CZYM ZASŁUŻYŁEM ...
Czym zasłużyłem, nie wiem sam Panie,
na Twoją miłość, Twoje kochanie.
Zapomnij o tym co czyniłem źle,
bądź moją nadzieją i wspieraj mnie.
Dałeś Anioła by wskazał drogę,
ochraniał, prowadził nawet we mgle.
Często upadam i iść nie mogę,
muszę się podnieść bo żyć przecież chcę.
Jak Ci dziękować, dajesz tak wiele,
obdarzasz zdrowiem, siłą, rozumem.
Pomagasz wszystkie osiągać cele,
dziękuję Boże, za to jak umiem.
Jesteś Panie miłością prawdziwą,
że trudno to rozumem ogarnąć.
Niech na świecie będzie sprawiedliwość,
a wśród ludzi zawsze solidarność.
Zabierz kłopoty, smutek i trwogę,
pozwól do nieba odnaleźć drogę.
Jan Siuda
Komentarze (19)
Przepiękny wiersz Janie.

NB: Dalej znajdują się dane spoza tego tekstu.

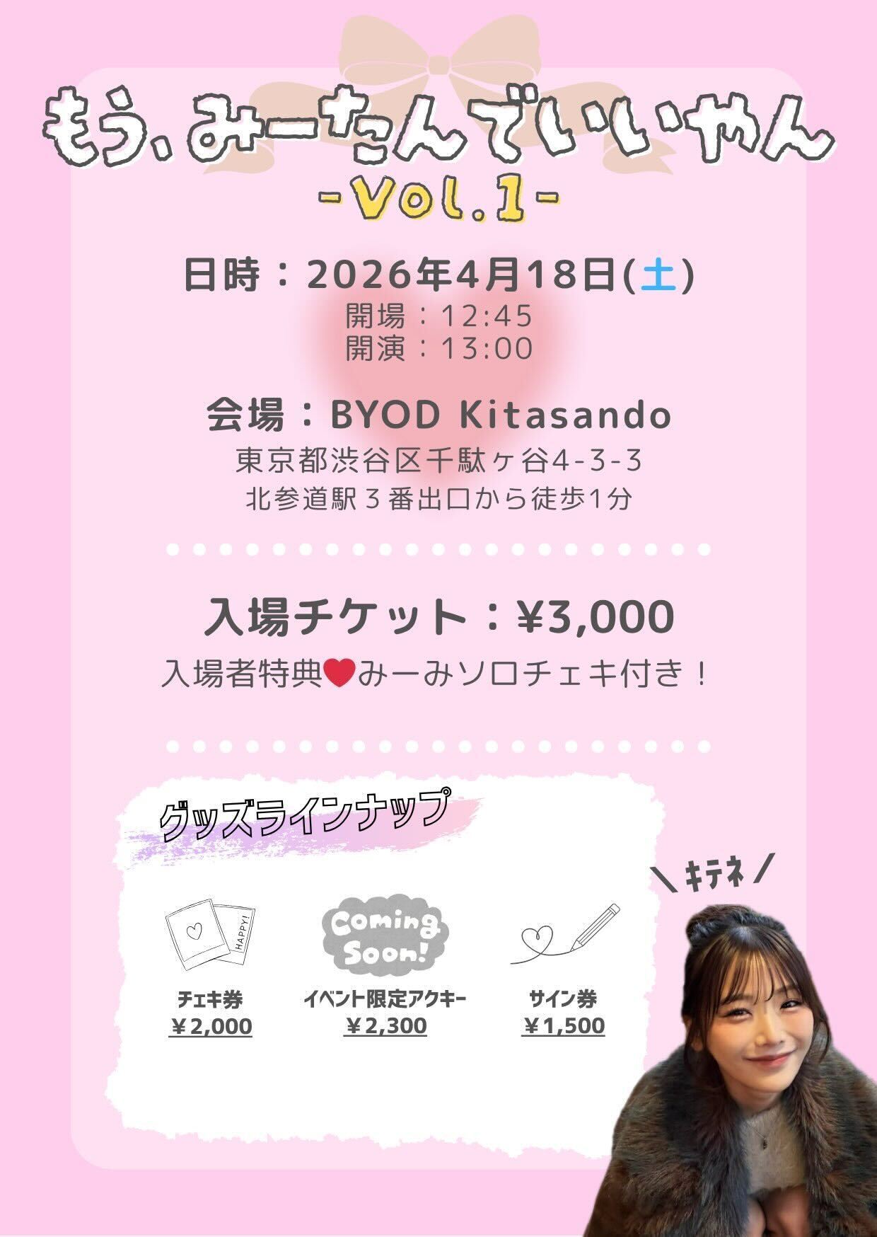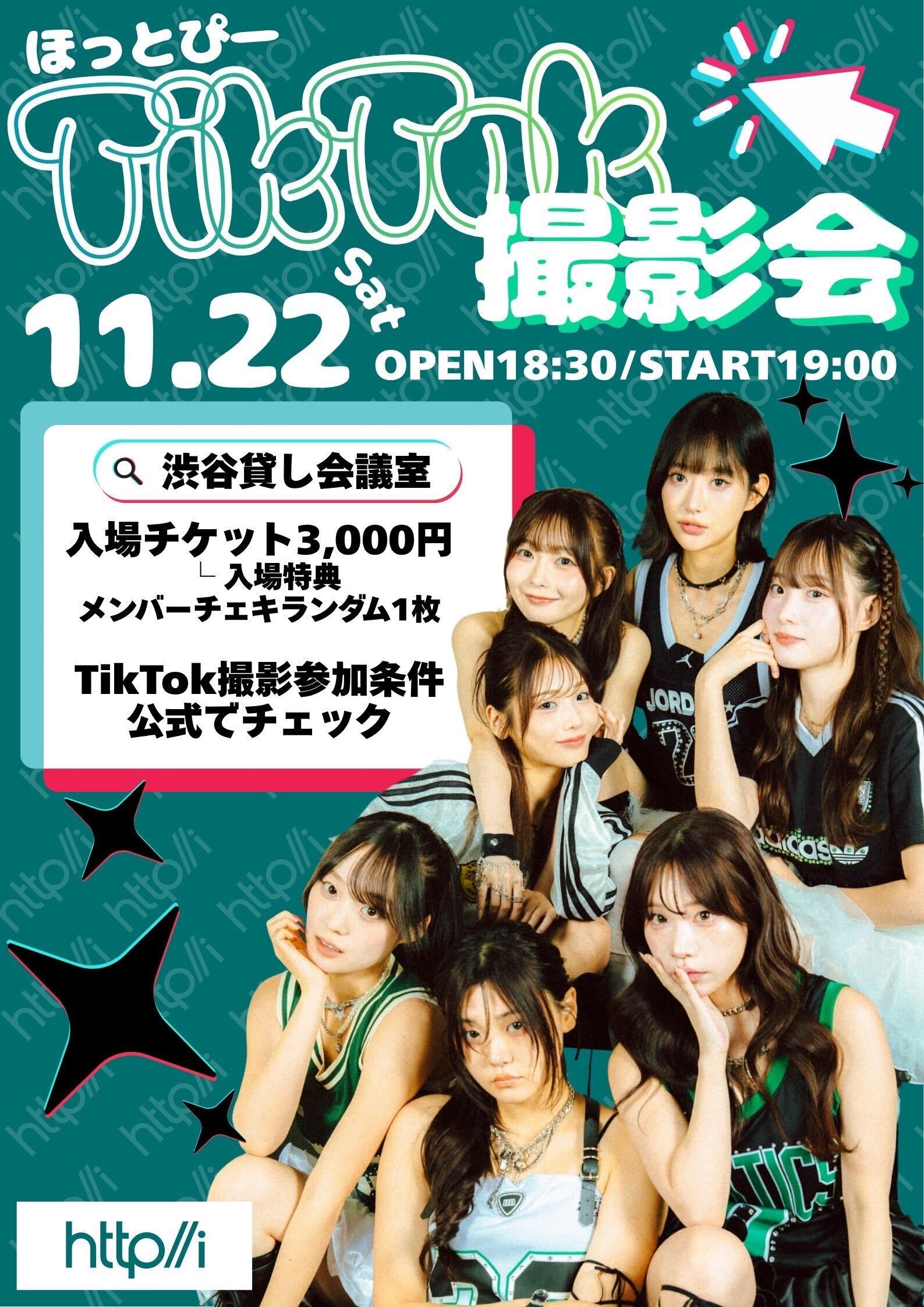 ほっとぴーのTikTok撮影会。入場チケット3,000円(推しチェキ付き)、チェキ券2,000円、サイン券1,500円。TikTok撮影券はグッズ20,000円分購入で配布。

Też proszę zabierz mnie tam.
Pozdrawiam.
Najdusia Witaj.Przesłucham sobie jutro.Teraz dziękuje
za miły wieczór i idę spać.-:))Jutro poczytam Twoje
wiersze.Przesłuchaj sobie Ksiądz Paweł Popatrz jak
syzbko mija czas...Pozdrawiam wszystkich.Dobranoc.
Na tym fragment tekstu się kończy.